:: Available data

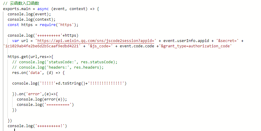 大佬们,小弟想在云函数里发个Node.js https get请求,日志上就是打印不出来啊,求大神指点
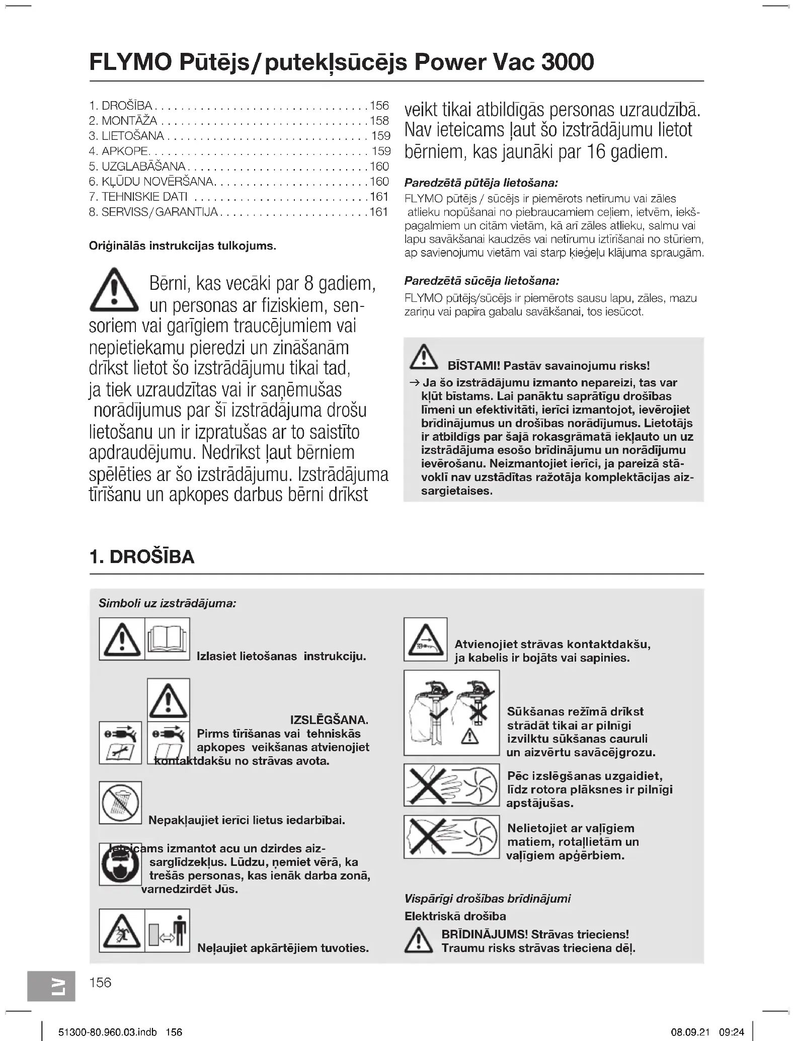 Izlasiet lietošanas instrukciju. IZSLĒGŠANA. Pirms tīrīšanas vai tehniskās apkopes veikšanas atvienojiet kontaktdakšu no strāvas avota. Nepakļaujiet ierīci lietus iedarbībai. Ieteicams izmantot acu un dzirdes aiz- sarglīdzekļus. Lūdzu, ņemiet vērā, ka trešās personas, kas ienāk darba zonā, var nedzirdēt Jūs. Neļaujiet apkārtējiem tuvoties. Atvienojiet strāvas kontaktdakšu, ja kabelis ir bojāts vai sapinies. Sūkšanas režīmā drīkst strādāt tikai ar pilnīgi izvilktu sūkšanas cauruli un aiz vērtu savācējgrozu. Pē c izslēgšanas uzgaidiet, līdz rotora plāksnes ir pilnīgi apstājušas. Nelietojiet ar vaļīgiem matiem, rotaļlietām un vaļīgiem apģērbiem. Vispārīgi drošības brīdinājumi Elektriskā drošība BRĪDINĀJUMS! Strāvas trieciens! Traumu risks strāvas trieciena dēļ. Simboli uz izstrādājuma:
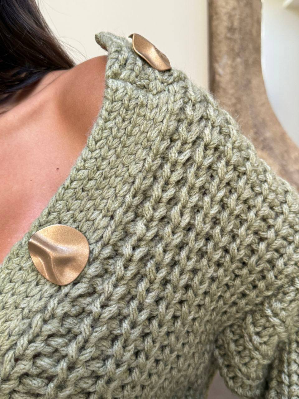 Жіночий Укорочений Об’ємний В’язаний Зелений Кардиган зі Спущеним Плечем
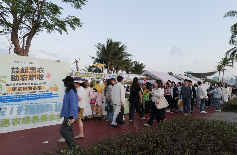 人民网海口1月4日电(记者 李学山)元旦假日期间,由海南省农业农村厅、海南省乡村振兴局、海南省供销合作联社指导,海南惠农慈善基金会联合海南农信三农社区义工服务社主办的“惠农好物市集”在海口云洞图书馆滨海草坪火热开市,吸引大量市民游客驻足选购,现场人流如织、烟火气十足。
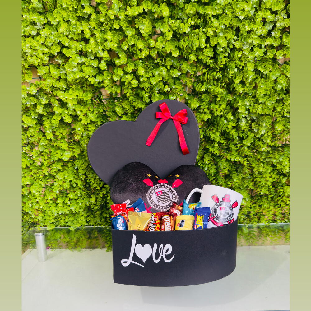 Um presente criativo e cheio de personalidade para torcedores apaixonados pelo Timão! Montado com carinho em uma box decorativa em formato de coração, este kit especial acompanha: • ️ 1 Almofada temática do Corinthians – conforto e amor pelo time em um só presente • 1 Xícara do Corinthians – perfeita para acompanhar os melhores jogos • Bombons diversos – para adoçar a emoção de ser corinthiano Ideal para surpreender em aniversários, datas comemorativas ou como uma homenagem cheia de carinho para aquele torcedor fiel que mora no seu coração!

::::

__Exercise requirements__. Working from the entries above, please transcribe only the lines from the line with "Жіночий Укорочений Об’ємний" through the line with "人民网海口1月4日电(记者 李学山)元旦", exactly, with both end lines and without pictures.

__Expected output__.
 Жіночий Укорочений Об’ємний В’язаний Зелений Кардиган зі Спущеним Плечем
 人民网海口1月4日电(记者 李学山)元旦假日期间,由海南省农业农村厅、海南省乡村振兴局、海南省供销合作联社指导,海南惠农慈善基金会联合海南农信三农社区义工服务社主办的“惠农好物市集”在海口云洞图书馆滨海草坪火热开市,吸引大量市民游客驻足选购,现场人流如织、烟火气十足。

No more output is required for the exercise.